What to work on: Among the entries below, find the line with "It’s easy to use", then quote it and each following line up to and including the line with "Chic and heartfelt, this", and nothing else.

Material for the task:
================

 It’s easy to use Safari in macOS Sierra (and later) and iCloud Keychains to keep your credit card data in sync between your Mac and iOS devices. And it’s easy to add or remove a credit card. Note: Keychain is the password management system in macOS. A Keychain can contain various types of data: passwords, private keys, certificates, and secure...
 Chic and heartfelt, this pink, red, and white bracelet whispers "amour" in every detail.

================

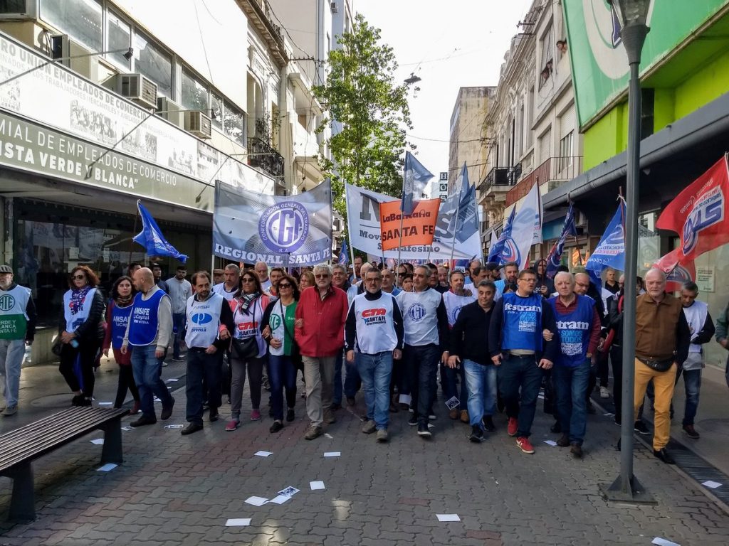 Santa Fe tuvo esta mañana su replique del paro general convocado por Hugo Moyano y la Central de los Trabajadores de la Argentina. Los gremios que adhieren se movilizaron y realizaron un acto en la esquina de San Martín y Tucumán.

================

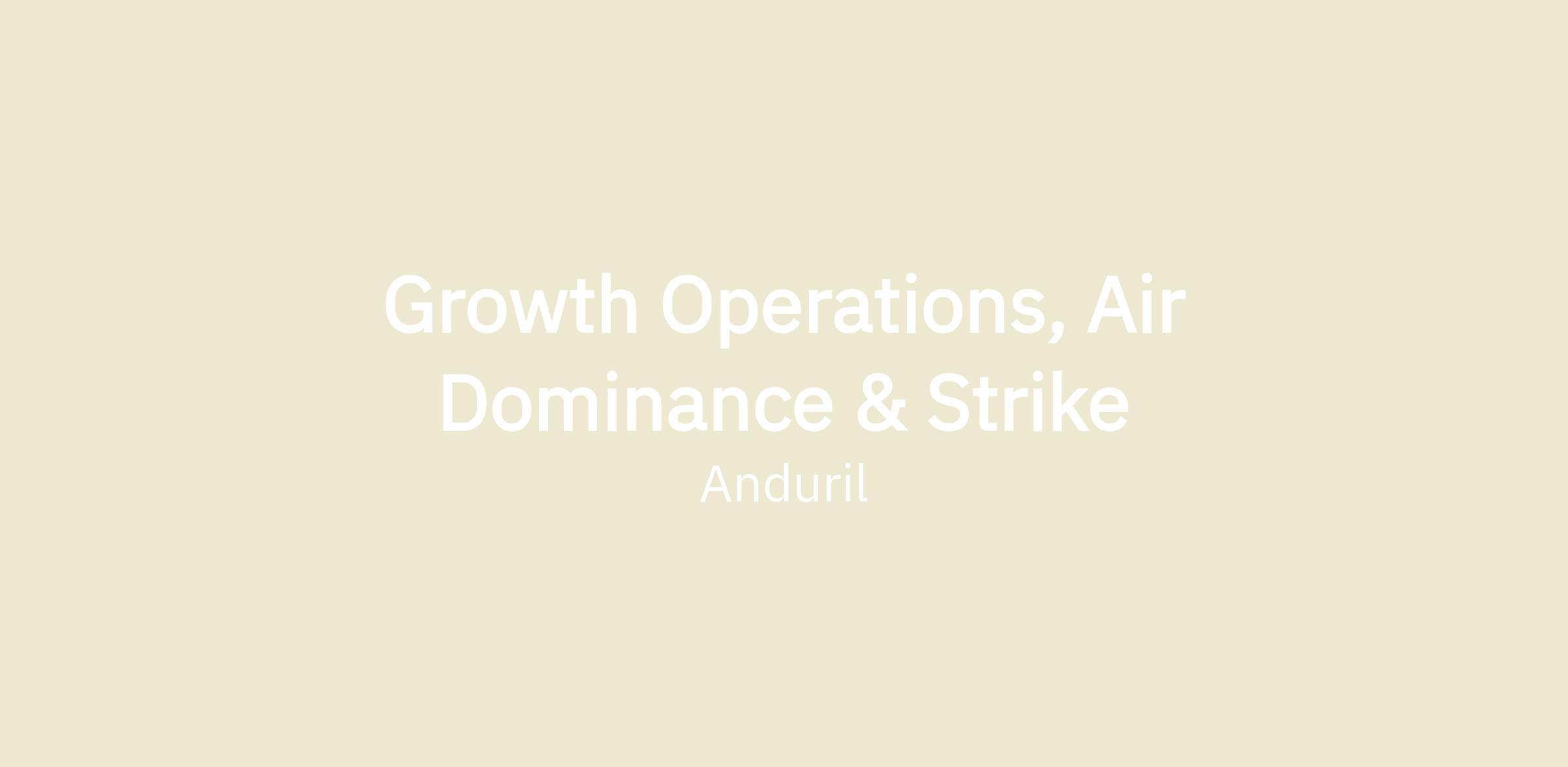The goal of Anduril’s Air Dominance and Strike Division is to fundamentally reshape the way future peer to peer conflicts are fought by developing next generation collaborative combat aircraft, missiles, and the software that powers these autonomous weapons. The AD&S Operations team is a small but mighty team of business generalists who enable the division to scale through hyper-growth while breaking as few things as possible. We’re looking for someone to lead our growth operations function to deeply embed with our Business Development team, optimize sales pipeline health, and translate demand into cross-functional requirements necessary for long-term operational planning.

================

Solution for this problem:
 It’s easy to use Safari in macOS Sierra (and later) and iCloud Keychains to keep your credit card data in sync between your Mac and iOS devices. And it’s easy to add or remove a credit card. Note: Keychain is the password management system in macOS. A Keychain can contain various types of data: passwords, private keys, certificates, and secure...
 Chic and heartfelt, this pink, red, and white bracelet whispers "amour" in every detail.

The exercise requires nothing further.